Updated: Dec 6, 2022
Where to start?
Let’s start with the fact that there is an attacker, a person and the interaction; the environment in which the interaction takes place is also a factor which needs to be considered.
The assailant (attacker) – we often use headings such as an aggressor feeling irritated, frustrated, angry, aggressive, etc; as an indicator of levels of behaviour. These levels of behaviour can range from the way someone stands and stares at you, to the way they intrude on your personal space. This is very often referred to as "someone is in your face!" The aggressor could be assaulting you; by directly blocking your exit path, physically touching, pushing or hitting you; who may have some form of deliberated weapon in their possession or in proximity to the interaction space.
The person/employee – people who have a public-facing role can be in significant danger from interaction with the public. It is recognised that other people/employees, subject to their roles, are also at risk from other people. Other people could be employees/staff, often referred to as internal challenging behaviours.
What are some of the more well-known roles where people/employees are faced with the risk of violence at their workplace:
● Health service workers – are amongst those most at risk from violence and aggression, from those they are trying to help.
● Cash handling roles – premises and people who handle and store large amounts of money are targeted. This places them at greater risks and therefore there are usually robust security measures in place.
● Local authority staff – those working in housing, community, benefits, etc., are supporting people who may be anxious, and sometimes desperate for a quick resolution.
● Educational staff – not only are staff experiencing verbal abuse and physical assault from parents, but pupils have been known to be violent and/or aggressive towards staff, and not still within the classroom setting.
● Lone workers – covers a wide range of people/employees and sectors. This relates to anyone who works on their own for a ‘protracted’ time. There are roles where people/employees permanently work on their own, visit people in their own homes or other people’s work premises.
People who work on their own in a remote part of a building, are also classed as lone workers. All lone workers should carry/have some form of alarm device so that they can ‘raise the alarm’ before a situation goes wrong!
● Enforcement roles – the most obvious of these is the police. People/employees are expected to exit and therefore move away from danger. Police officers are expected to, safely and effectively, move towards danger.
Although frequently faced with violence, the police service like other sector workers is subject to the Health and Safety at Work Act 1974 (HAS ’74).

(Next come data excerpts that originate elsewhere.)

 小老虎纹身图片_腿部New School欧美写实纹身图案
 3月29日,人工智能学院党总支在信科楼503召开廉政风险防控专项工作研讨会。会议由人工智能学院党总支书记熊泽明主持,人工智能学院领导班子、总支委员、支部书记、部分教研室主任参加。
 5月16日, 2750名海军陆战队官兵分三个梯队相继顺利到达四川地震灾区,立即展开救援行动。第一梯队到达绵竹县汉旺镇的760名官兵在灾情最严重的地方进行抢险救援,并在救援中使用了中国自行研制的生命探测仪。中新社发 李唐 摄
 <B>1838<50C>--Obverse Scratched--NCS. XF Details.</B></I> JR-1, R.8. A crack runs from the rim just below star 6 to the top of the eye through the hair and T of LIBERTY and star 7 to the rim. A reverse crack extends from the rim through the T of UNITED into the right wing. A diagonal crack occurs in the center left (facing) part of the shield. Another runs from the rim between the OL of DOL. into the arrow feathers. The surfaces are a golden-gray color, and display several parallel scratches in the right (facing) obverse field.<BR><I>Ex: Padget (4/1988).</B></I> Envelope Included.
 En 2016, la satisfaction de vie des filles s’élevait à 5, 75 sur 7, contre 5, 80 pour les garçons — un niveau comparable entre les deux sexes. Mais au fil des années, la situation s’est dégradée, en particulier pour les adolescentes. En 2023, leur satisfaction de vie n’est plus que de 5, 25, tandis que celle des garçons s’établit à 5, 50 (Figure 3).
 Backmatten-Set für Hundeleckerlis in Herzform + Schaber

One of the general duties of an employer under the HSA ’74 is to ensure, so far as is reasonably practicable, the health, safety and welfare at work of their employees!

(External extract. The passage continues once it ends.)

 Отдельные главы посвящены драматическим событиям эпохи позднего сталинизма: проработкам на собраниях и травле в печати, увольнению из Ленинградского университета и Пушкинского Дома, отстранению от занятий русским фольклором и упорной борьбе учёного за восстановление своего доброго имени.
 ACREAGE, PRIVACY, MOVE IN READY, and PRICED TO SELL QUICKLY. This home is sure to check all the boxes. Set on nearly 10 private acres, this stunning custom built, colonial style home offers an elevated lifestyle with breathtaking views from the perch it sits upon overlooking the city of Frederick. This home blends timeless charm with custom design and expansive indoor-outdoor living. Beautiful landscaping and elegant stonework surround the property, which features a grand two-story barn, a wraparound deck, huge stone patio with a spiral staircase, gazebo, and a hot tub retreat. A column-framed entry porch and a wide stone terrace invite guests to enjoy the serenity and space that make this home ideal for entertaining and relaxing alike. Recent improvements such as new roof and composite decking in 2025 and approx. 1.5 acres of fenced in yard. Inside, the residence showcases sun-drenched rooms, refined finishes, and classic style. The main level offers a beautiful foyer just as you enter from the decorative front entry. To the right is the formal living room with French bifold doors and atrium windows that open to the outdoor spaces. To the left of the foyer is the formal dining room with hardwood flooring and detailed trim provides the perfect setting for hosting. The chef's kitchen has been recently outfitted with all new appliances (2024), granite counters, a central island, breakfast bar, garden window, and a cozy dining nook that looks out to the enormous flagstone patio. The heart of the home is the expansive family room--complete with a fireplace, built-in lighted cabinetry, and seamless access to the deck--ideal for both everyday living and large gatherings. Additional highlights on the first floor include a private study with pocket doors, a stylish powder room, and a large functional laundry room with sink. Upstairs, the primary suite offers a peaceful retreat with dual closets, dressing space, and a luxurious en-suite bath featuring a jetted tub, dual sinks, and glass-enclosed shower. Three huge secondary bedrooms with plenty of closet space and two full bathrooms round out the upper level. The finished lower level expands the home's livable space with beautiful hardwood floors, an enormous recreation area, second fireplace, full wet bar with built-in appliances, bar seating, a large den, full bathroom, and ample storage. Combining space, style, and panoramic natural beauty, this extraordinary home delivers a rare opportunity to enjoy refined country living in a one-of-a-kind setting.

The interaction (where/how it may take place) – The first thing to keep in mind is how is the person’s behaviour making you feel. Refer to my previous blog posts and newsletters where I spoke about how we may physically/emotionally feel about the uncertainty of danger or fear!

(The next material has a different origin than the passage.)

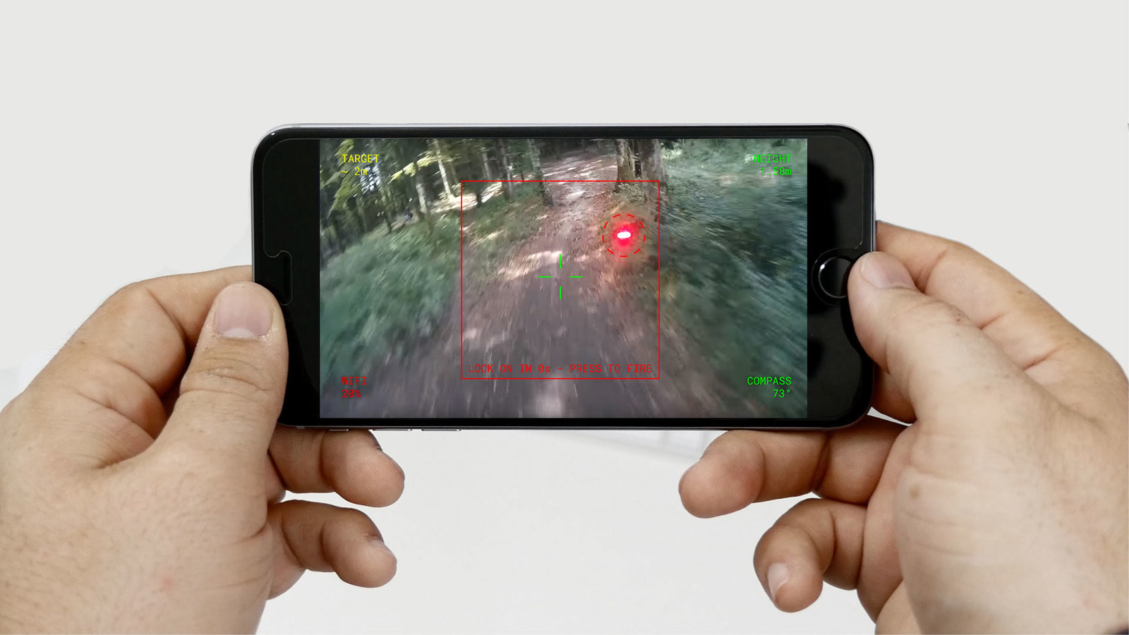 - Drohne so positionieren und drehen, dass gegnerische Drohne für x Sekunden im Fadenkreuz bleibt

In addition to some of the points (the person/employee), the interaction you are involved with could be whilst you are providing customer service to others. It could be that you are in a delivery/collection of goods role. Additionally, your thoughts about the person's negative behaviour, your perception of their perceived strength and your attitude. The locality where the interaction is taking place will also be a major factor, as where the task is being carried out!
Back to the question, How do we know who is at risk of violence and aggression in the workplace? From the forenamed data, the employers have a general duty for your health, safety and welfare in the workplace/workplace setting. To meet the duty of care you have for yourself in your workplace if you feel abused, threatened or assaulted at work, "we must submit incident reports". You’ve probably heard it before, but I am going to say it (write it) again;
"if it was not written down, it did not happen".
Not strictly true but I trust you get the meaning after this statement. I have earlier noted the Health and Safety Executives' definition of work-related violence (ie; reportable incidents).
Why report an incident?
Reported Incidents provide the employer with the types of violent and aggressive incidents types ‘you’ are facing at work. Furthermore, incident reports will provide data which can be analysed, and provide the frequency, trends, etc; along with intelligence data on the types of incidents occurring during certain interactions with the public. Overall, this will provide information for risk management assessment reviews. In other words what can realistically be done to reduce, isolate or control the risks related to your safety regarding known incident types?
Through the reporting of incidents of violence and aggression, you can play a very active part in improving your safety at work.